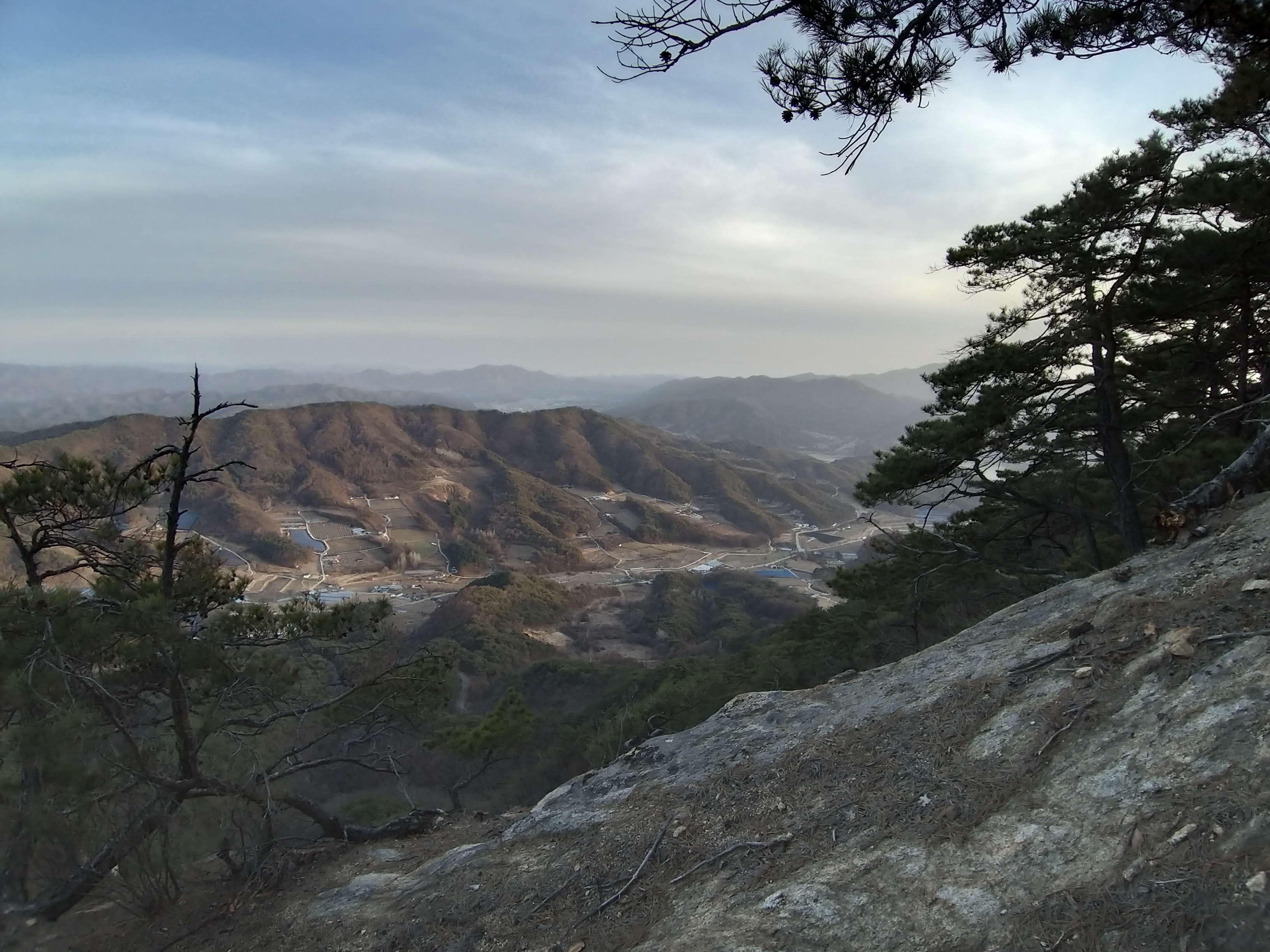 18:08 577.9봉을 향해 암릉구간을 오르며 군량리를 내려다 본다
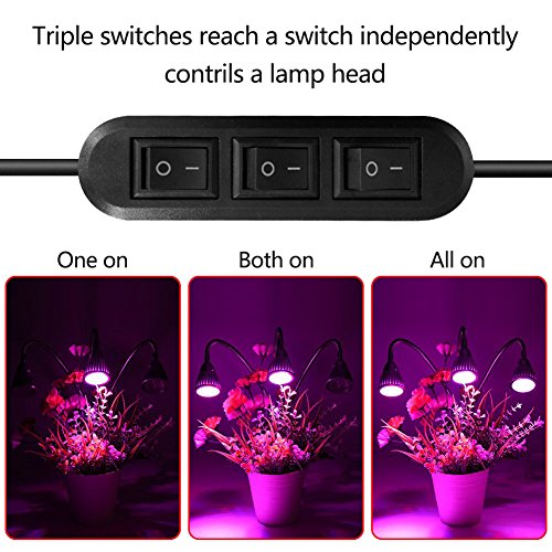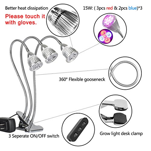 [Flexible Adjustable Light] With 360 degree flexible gooseneck and metal clamp, the gooseneck plant lamp is easy to adjust and position the light in any direction. The triple head light design covers a larger area and provide energy for more plants. Would be better to keep the distance between the light and plant about 20 inches.
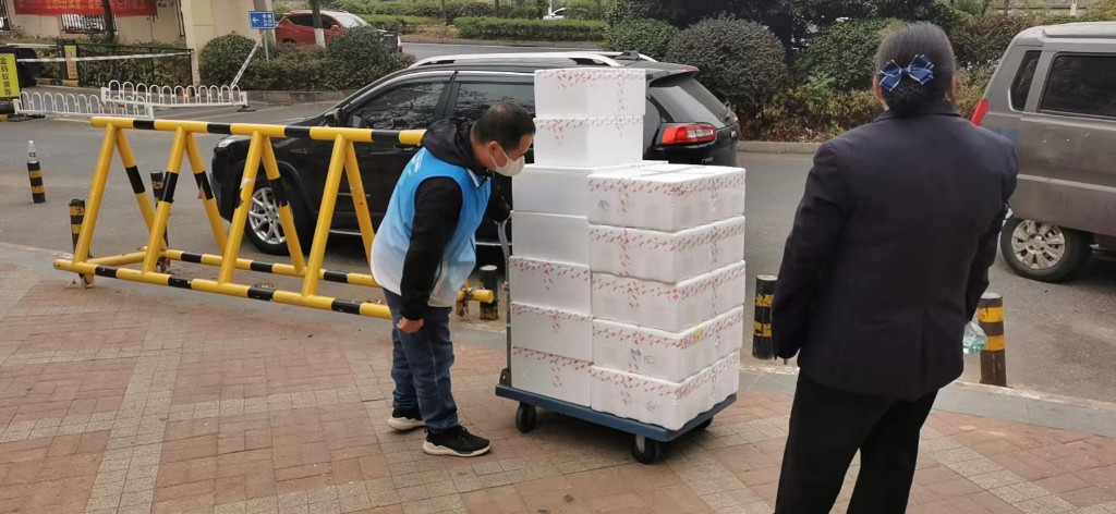 第三次抗疫。2022年11月,新一轮疫情来袭。我接到了转战指令,从荷塘区的黄家塘社区来到了天元区的佳美社区佳兆业小区,任务也从核酸检测秩序维护转换成社区物资保障。在佳兆业三期的唯一出入通道上,划定了物资消毒区、中转区。对4000多位居民采购的生活物资进行消毒、转运,保障居民的正常生活需求。在中转区短短20米的距离上,核对检测清单,一天下来,嗓子哑了,腰直不起了,腿也迈不动了。
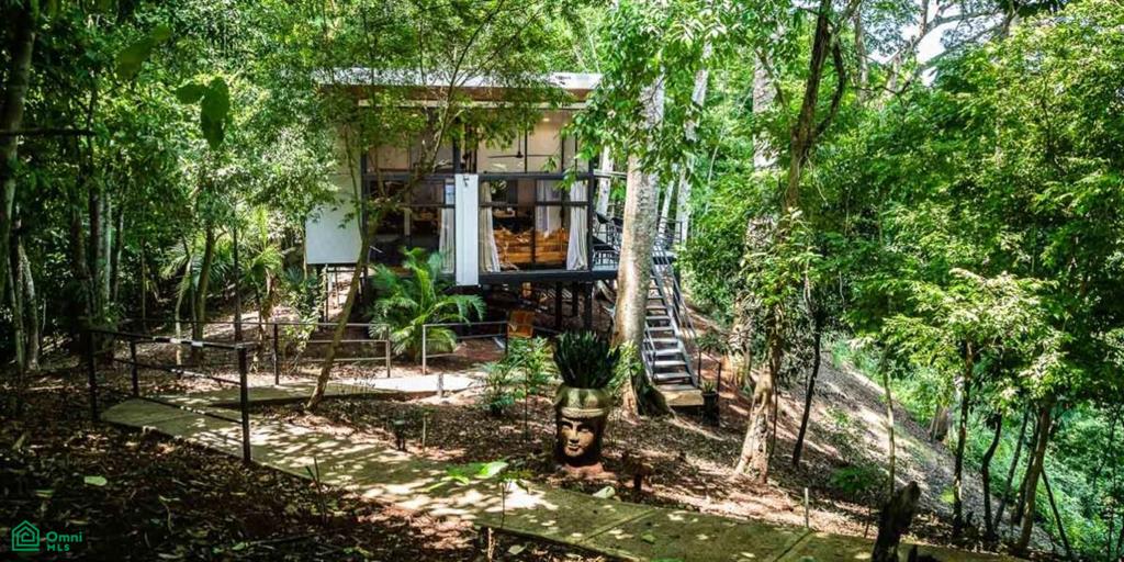 Currently operating as a successful vacation rental earning $350 USD per night, the home comfortably accommodates five guests across two spacious bedrooms and a flexible bonus space. Each bedroom features a queen-size bed, custom locally crafted built-ins, secure safes, and floor-to-ceiling windows that frame stunning views of the surrounding jungle and ocean. A cozy loft provides a peaceful nook for reading, meditation, or additional sleeping space, and a private lounge with a double sofa bed offers the versatility of a home office, yoga studio, or guest suite.
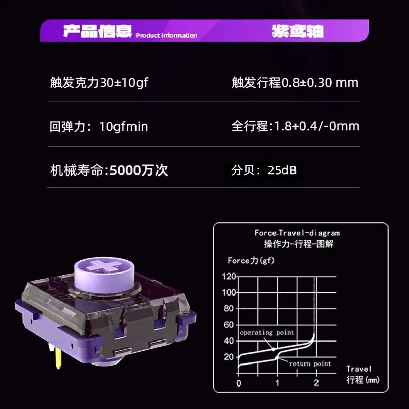 Kailh Purple Iris Silent Switch Purple Iris mini Low Profile-schakelaars Snelle bediening Stille schakelaars HITBOX-toetsenborden Schakelaar
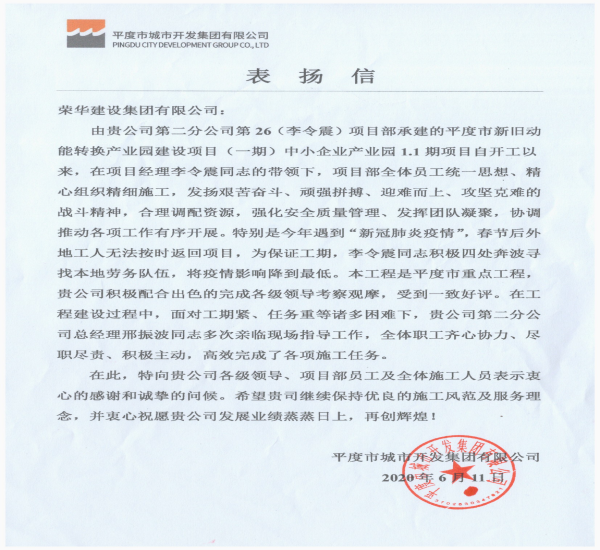 近日,集团公司总部收到平度市城市开发集团有限公司发来的表扬信,对二公司李令震项目部施工的平度市新旧动能转换产业园建设项目(一期)中小企业产业园1.1期项目提出表扬。
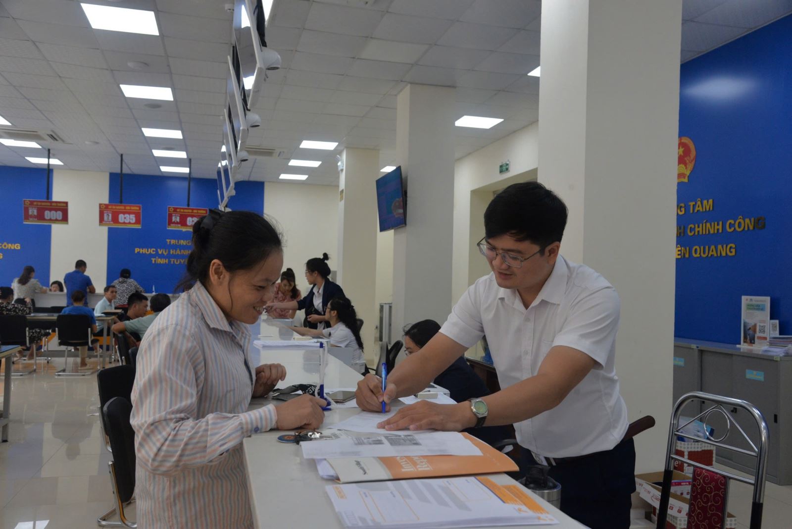 Cán bộ tại Trung tâm Phục vụ hành chính công tỉnh Tuyên Quang niềm nở hỗ trợ người dân.
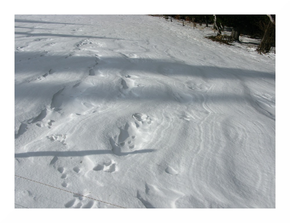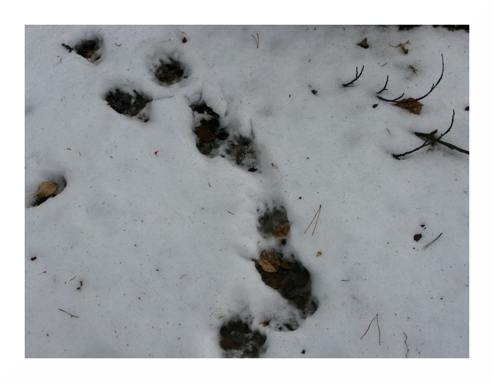 Bild 2: Ein krallenbehaftetes Tier legte vorbildliche Spuren entlang des gesamten Aufstiegswegs. Deshalb verwunderlich, da sich keine menschlichen Spuren daneben befanden (wir trafen keine Menschenseele beim Auf- und Abstieg)

### [Task]
Begin at the first line of the records. Print every line through the one containing "Kailh Purple Iris" exactly, but skip the pictures.

### [Exercise response]
 18:08 577.9봉을 향해 암릉구간을 오르며 군량리를 내려다 본다
 [Flexible Adjustable Light] With 360 degree flexible gooseneck and metal clamp, the gooseneck plant lamp is easy to adjust and position the light in any direction. The triple head light design covers a larger area and provide energy for more plants. Would be better to keep the distance between the light and plant about 20 inches.
 第三次抗疫。2022年11月,新一轮疫情来袭。我接到了转战指令,从荷塘区的黄家塘社区来到了天元区的佳美社区佳兆业小区,任务也从核酸检测秩序维护转换成社区物资保障。在佳兆业三期的唯一出入通道上,划定了物资消毒区、中转区。对4000多位居民采购的生活物资进行消毒、转运,保障居民的正常生活需求。在中转区短短20米的距离上,核对检测清单,一天下来,嗓子哑了,腰直不起了,腿也迈不动了。
 Currently operating as a successful vacation rental earning $350 USD per night, the home comfortably accommodates five guests across two spacious bedrooms and a flexible bonus space. Each bedroom features a queen-size bed, custom locally crafted built-ins, secure safes, and floor-to-ceiling windows that frame stunning views of the surrounding jungle and ocean. A cozy loft provides a peaceful nook for reading, meditation, or additional sleeping space, and a private lounge with a double sofa bed offers the versatility of a home office, yoga studio, or guest suite.
 Kailh Purple Iris Silent Switch Purple Iris mini Low Profile-schakelaars Snelle bediening Stille schakelaars HITBOX-toetsenborden Schakelaar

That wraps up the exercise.